The EEG finished. The nurse wheeled Xiaoman out. The sedative was still in effect; he was very quiet. Wang Guiying took the medical record, her fingers trembling slightly before steadying. "The doctor said the waveforms are more stable than last time. The current dosage can be maintained."
"Good," Lin Chen said. "Make sure he takes it on schedule when you get back. Don't miss a dose."
He helped his mother get Xiaoman into a taxi. Closed the door. Watched the taillights disappear around the corner.
He turned, hailed a cab. Back to the office.

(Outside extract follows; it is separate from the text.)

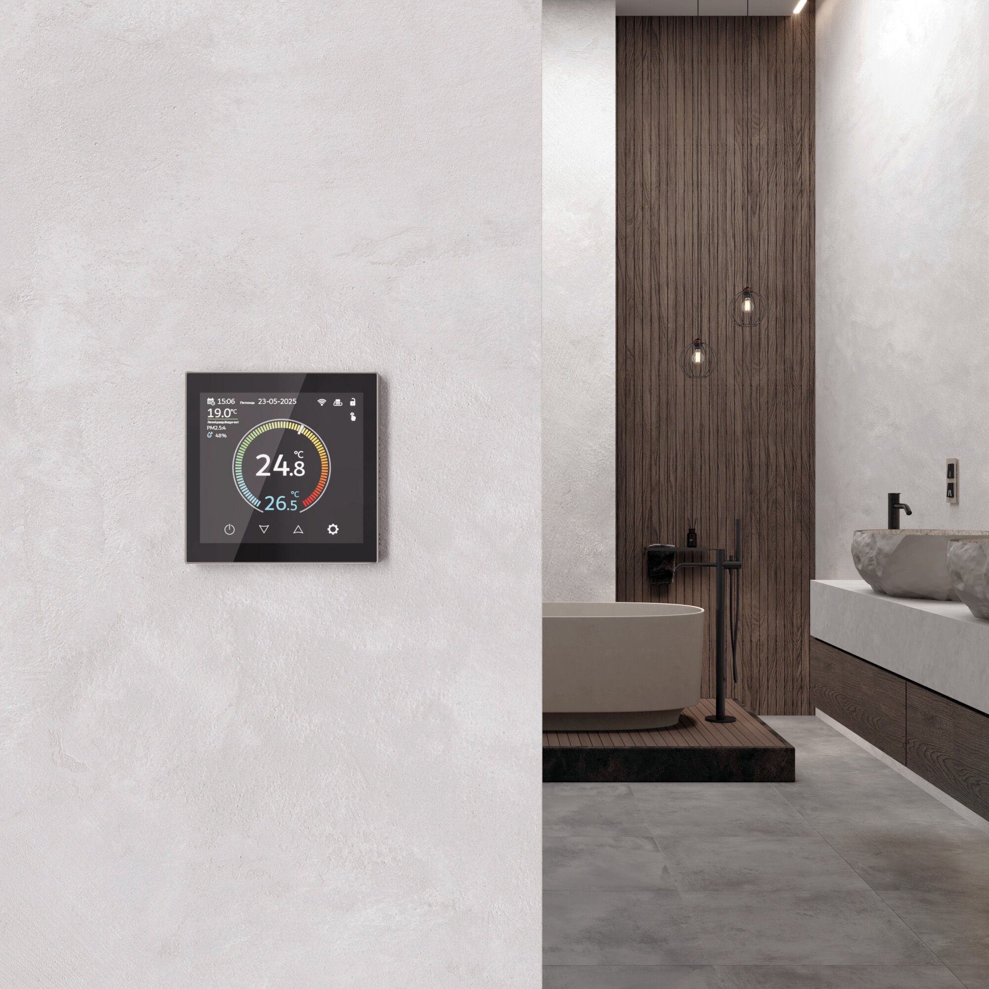 Умный сенсорный терморегулятор Werkel (артикул W1851104) — это современный терморегулятор для теплого пола и систем обогрева, который сочетает премиальный дизайн, расширенный функционал и удобное управление. Дымчатый безрамочный корпус из закалённого стекла и поликарбоната визуально облегчает устройство и гармонично смотрится в любых современных интерьерах, особенно в сочетании с серыми и графитовыми рамками из раздела «Werkel механизмы дымчатые». Сенсорный TFT‑IPS‑LCD дисплей с высокой чувствительностью и широким углом обзора делает управление интуитивным и наглядным: все основные параметры отображаются прямо на экране без необходимости постоянно пользоваться приложением.

The air in the server room was still dry. Su Man sat at the monitoring console, bloodshot eyes visible. Seeing him enter, she handed him a cup of black coffee. "Zhao Qiming's team pulled the probes. But they left a backdoor."
"What backdoor?"
"The data sync queue." Su Man pulled up the monitoring dashboard. "They didn't touch authentication; they changed the priority for data fetching. Our real-time inference relies on incremental sync of training data. Now, the sync queue has been pushed to a low-priority channel. If long-tail requests continue, data latency will accumulate to the minute level. The model will start inferring with stale data."
Lin Chen walked to the screen. The curve was indeed climbing slowly. Latency: 12 seconds. 15 seconds. 18 seconds.
This wasn't a technical attack. It was a commercial chokehold. Forcing product degradation through data timeliness. Inaccurate inference leads to user churn, and the VAM metrics get breached outright.
He pulled out a chair and sat down. His left foot hit the floor, a sharp pain clearly registering. He opened his notebook and wrote on a new page: Data sync priority downgraded. Model inference timeliness compromised.
The pen tip hovered. He knew the next step couldn't rely on tweaking parameters alone. They had to change the architecture. Or, change the contract.
His phone screen lit up. A new email notification. Sender: Zhao Qiming. Subject: Supplementary Notice on Q3 VAM Clauses and Data Compliance Review.
Lin Chen opened it. The body contained only one line: Please submit the full data traceability report by 18:00 tomorrow. Failure to do so will trigger the audit clause.
He put down his phone. Stared at the latency curve jumping continuously on the monitoring dashboard.
The next step was traceability. The seventy-two hours were far from over.